The wagon did not appear, and for a moment he cherished the wild hope that it had broken a wheel or become snagged in the trees, and that the Indians would be unable to move it. The sun rose, warming the meadow, and still Joe stared up the hill. After an eternity he saw what he had prayed he would not see. The upper third of the wagon's canvas top was silhouetted against the trees, and smoke was pouring from it. Joe turned to find Winterson and Ellis at his elbow.
He said vaguely, "It might miss the house."
But he knew that it would not. The besiegers had their one great opportunity and they would not waste it.
Joe's hand tightened around the breech of his rifle, and for a second he thought he must have shot. But the shot came from the top of the hill, near the wagon, and it was followed by a volley that was in turn followed by the barking of revolvers.
They waited, wondering, and after fifteen minutes, while the burning wagon continued to smoke, they saw the horsemen come down the hill. They were nine men, riding at a walk, and they herded Joe's mules and Ellis's and Winterson's horses ahead of them.

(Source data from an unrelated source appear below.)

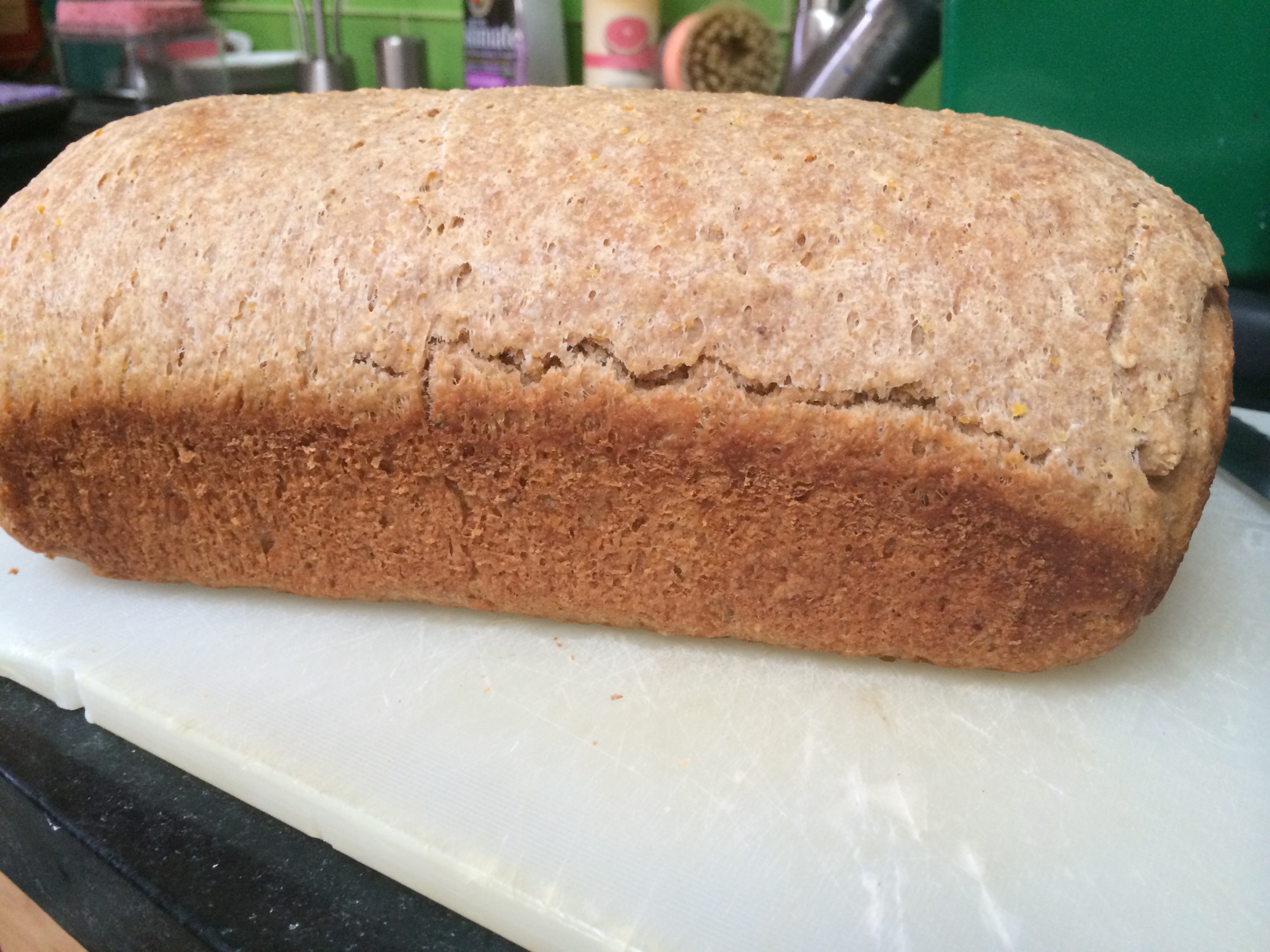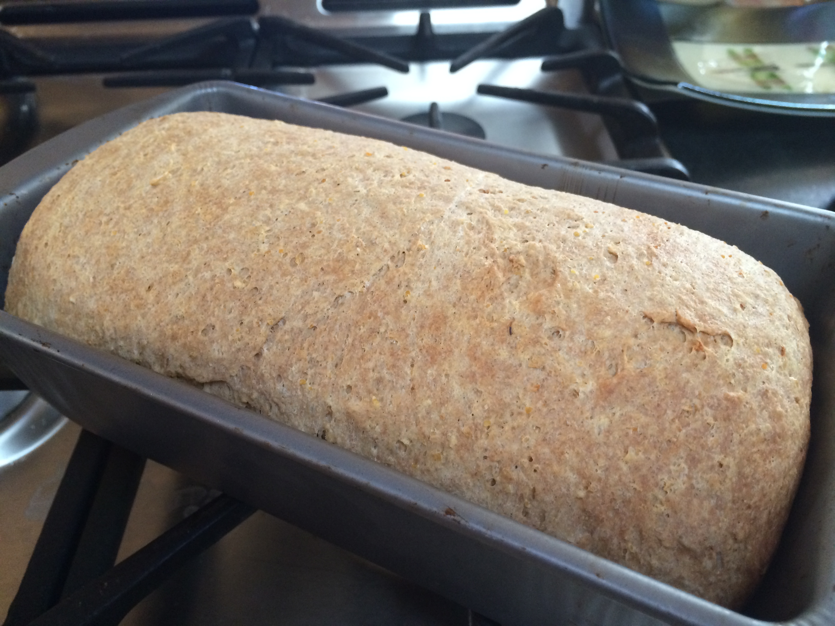 At the end of baking, the crust should be golden brown and the bread dramatically risen. When thumped on the bottom it will sound hollow. Let it cool for an hour before slicing.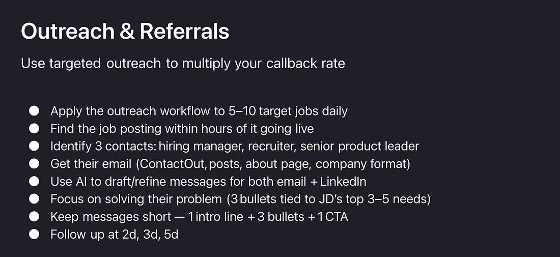 2. How to Apply to Jobs using AICold apps: 1% callback. Outreach + app: 10-15% callback. 2a. Build Your Target Company ListKeep your search broad. More interviews = more offers = better leverage. 2b. Find the Right PeopleFor every job, find 3 people: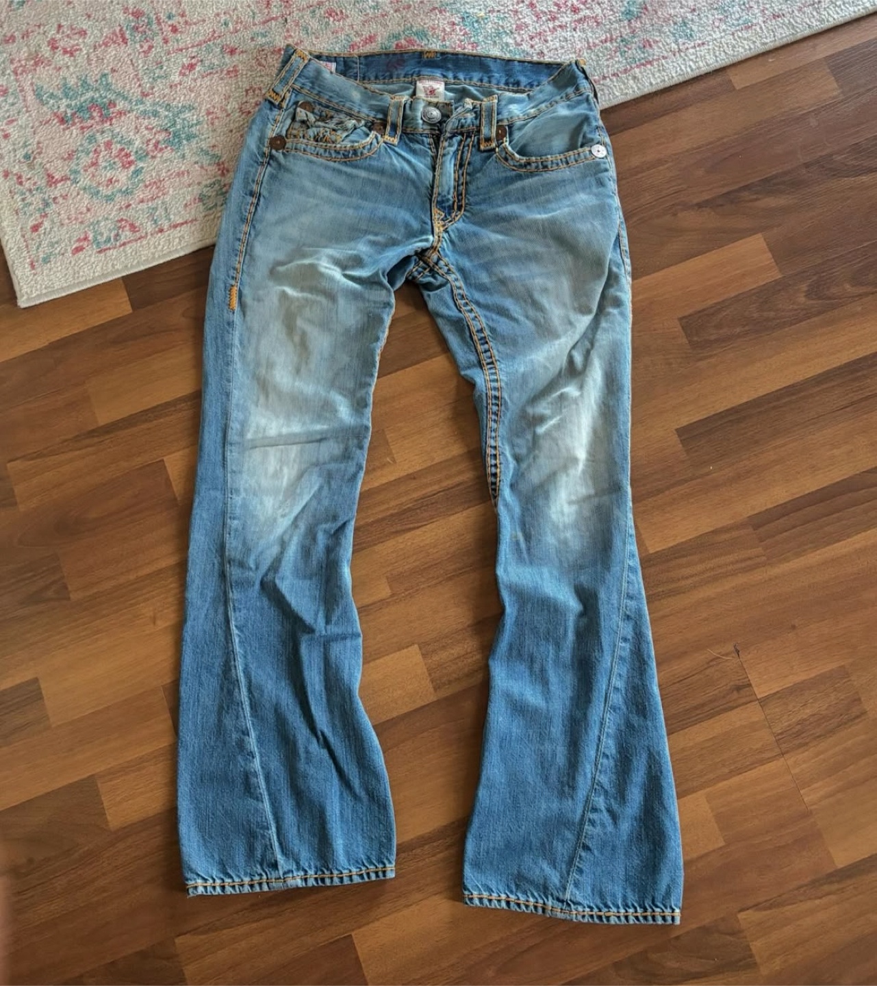 True Religion jeans in a light wash denim. These jeans have a distinct design with detailed stitching and the brand's signature back pocket flaps. They're in good condition and ready for a new home!

Joe breathed, "God Almighty!"
It was a prayer, not a curse, and he flung the door open to go out and meet these horsemen who had appeared so providentially.
"Told you I'd come!" Sergeant Dunbar called. "Told you I'd come as soon as my hitch was up! I brought a wagon train through with me and they told us at Camp Axton that you were here. We smelled smoke and figured the rest."
His arm around Martha, Henry Winterson stood just behind Joe and both their faces wreathed in smiles. Emma came, and the younger children ran with open arms toward this man who had been their playmate at Fort Laramie. Joe looked through the cabin's door to see Barbara and Ellis in a lovers' embrace. He grinned; they thought they could not be seen.
"Get down!" Joe sang out. "Get down and come on in! Where are your wagons?"